Performance, as either a critical or behavioral research tool, also figures into the works of several other artists in this show. Much of the supporting evidence that we as a society are growing more ridiculous is not only found in our products but more importantly our actions. In Rania Ho’s Ho Fatso, the artist takes on the couch potato culture of gluttony by making a game of our ever expanding, super sized species. In this modified sports ring the audience is invited to wear and play in inflatable fat suits. Mika Rottenberg’s installation and performance work also employs exaggerated bodies to make a point about certain global phenomena. This NY based artist refutes the abstracted notion of globalized manufacturing by placing overly obese, extremely thin or unnaturally muscular figures in cramped and perfunctory assembly line settings. In these photographic records the artist creates a visual analogy of the boredom and extremes endured in order to support our often superfluous international economy. Lin Zhipeng’s light, humorous and often sexual photos are candid documents of his friends either at play or performing for the camera. The cavalier youth pictured in these intimate snapshots is evidence of a growing sense of apathy and discontent with social convention.

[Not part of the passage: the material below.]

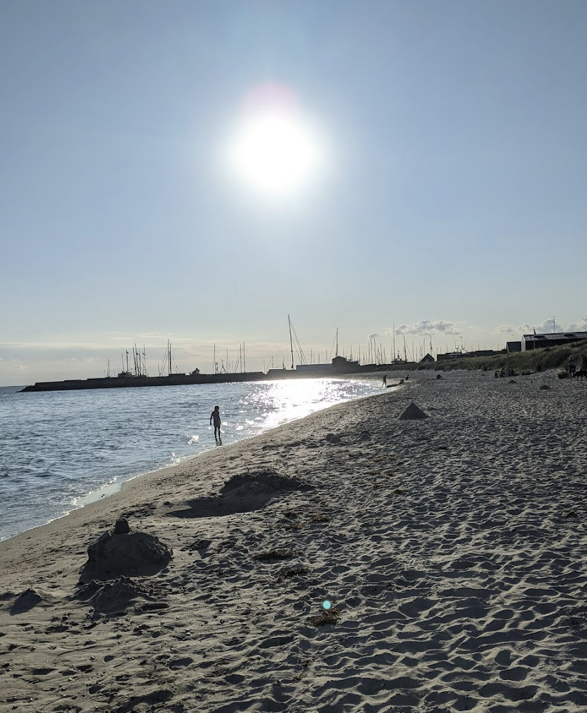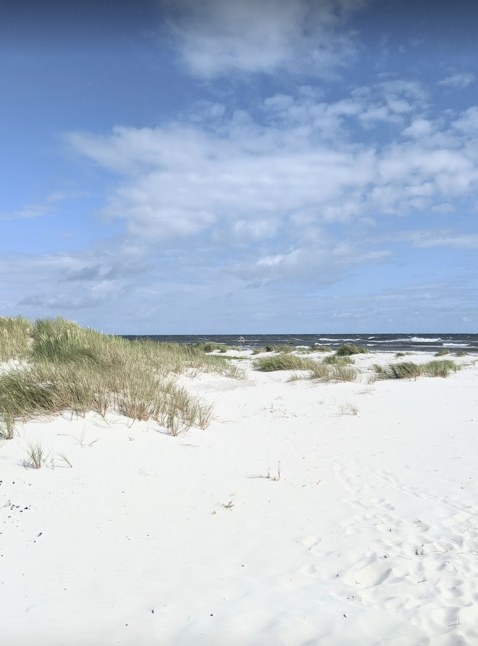 - The next day, we were back on the bus, travelling all the way down to the southernmost tip of the island to check out the most beautiful beach in the world, Dueodde Strand: incredibly white, incredibly wide, lined with tall, soft sand dunes. The bus driver’s philosophy, which we interpreted as general island philosophy, was: it’s better to be 5 minutes late, because then you know that everybody’s onboard. He told us everything there is to know about the island while driving slowly along, swinging by all of the tiniest of villages, stopping wherever people wanted to get off. It was suuuper windy on the beach: we had a magical, dramatic walk and swim.

This sentiment is carried on in the video sculpture work Bitchy, by Zhou Xiaohu. Here the artist expresses the explosive anxiety lying beneath the surface of a generic, middle class reality. Protruding from an ordinary sink’s drain is a floating image of a person cursing the viewer who would otherwise be there to wash his face. Like Zhou and Ho’s work Marc Lafia’s work is also incomplete without audience involvement. In Art as Invention, Lafia transplanted a summer school program he ran for kids in Brooklyn to the gallery. By having participants make or perform it, the project explores the nature of art. Instructions on the wall are departure points for viewers to engage themselves in the creative act. In dAfT the project goes beyond the usual irreverent fun by breaking down the boundaries between studio and exhibition, viewer and object, in order to convey ideas about myth, ritual and body.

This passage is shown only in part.